In Jon Cook's article, he elaborated on the idea of 'writing as discovery', more exclusively, creative writing as discovery.  Using example of literary pieces of fiction and poetry in the article as well as persepectives from different writers, to me the article seemed to be intended for other creative writers like himself who may feel as though their art is above or below the methodological realm and can't contribute to or be contributed to by the research method. 


 I particularly like how he quotes Keats in saying 'If poetry comes not as naturally as leaves upon a tree, it had better not come at all.'  For me, this echoes of the myth surrounding the culture of a writer's life that paints them as whimsical layabouts who wait for the muses to bless them and guide their quills to the paper.  The quote strikes as a defensive statement to someone who might have suggested that it could be something a little more concrete and bound to method.


I feel like this sort of article would be used to either reassure or firmly educate aspiring writers that the act of creative writing is a mixture of both columns.  You really can't have one without the other.  Without Christopher Marlowe further utilizing the potential of the method of blank verse for the English drama,  William Shakespeare and several authors may not be considered with the same regard as they are today.  But without the creativity of those authors and those before them, blank verse and all the other forms of prose and poetry would have no importance, much less exist, possibly.  In the same line of thought, someone had to be inspired to research and come up with those methods in the first place.  

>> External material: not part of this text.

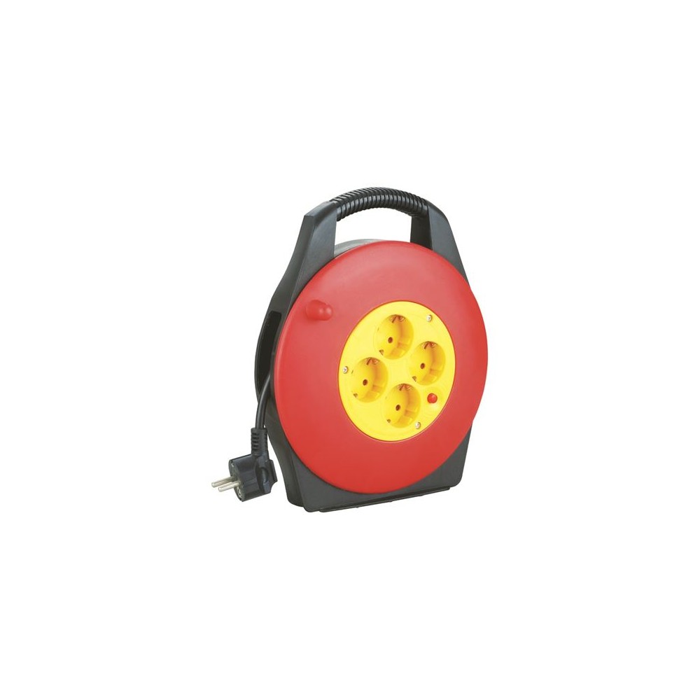 Elbat Enrollador Alargador con Proteccion Termica - 4 Shukos - Carga Maxima Enrollado 1100W, Desenrollado 3200W - Cable de 10m
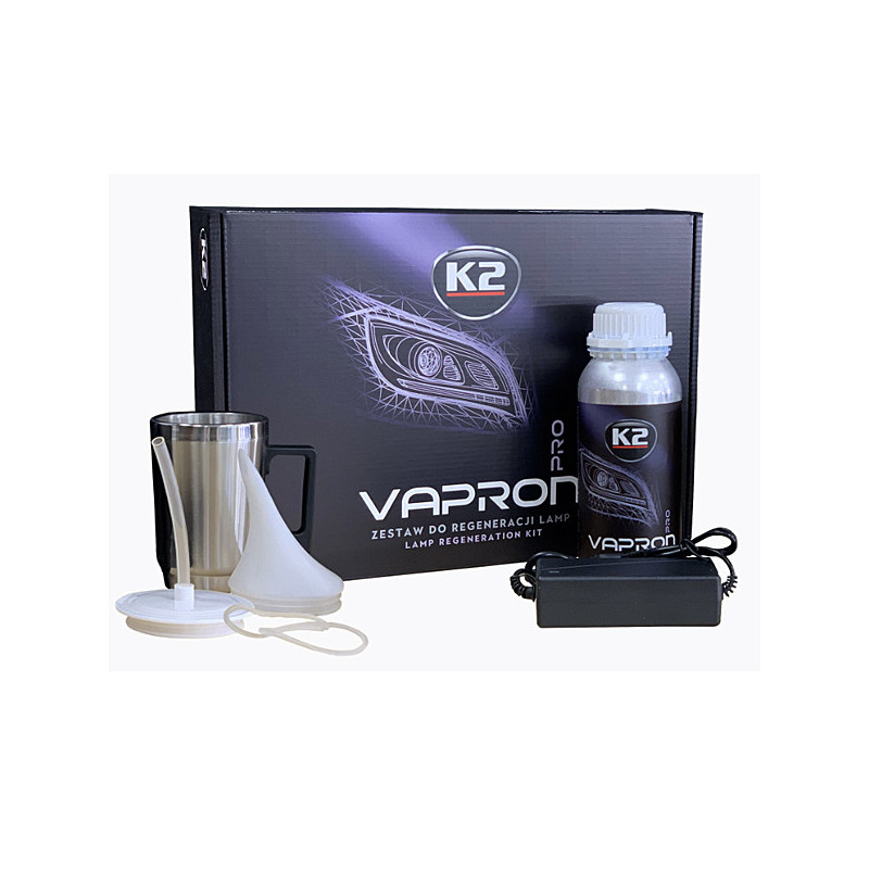 K2 VAPRON PRO – profesionální sada na renovaci světlometů K2 VAPRON PRO je profesionální sada určená k obnově a renovaci plastových světlometů. Efektivně odstraňuje škrábance, zabarvení a matování povrchu, čímž vrací světlometům jejich původní, bezchybný vzhled. Díky obnově původní vrstvy polykarbonátu sada zajišťuje dlouhotrvající a odolnou regeneraci. Výsledkem je nejen estetické vylepšení, ale také zlepšení světelného výkonu a bezpečnosti při jízdě. Produkt je určen výhradně pro profesionální použití.

Cook puts the article together in a great web of different arguments for all sides, those who think research and method are the death of creativity and those that think that creativity is nothing but a puddle of milk without a bucket to sit in, that craft and technique are bitter rivals.  At the end, though, he funnels it all into the same end:  that creative writing. through language, nature and intention, begets itself and the evidence of its research.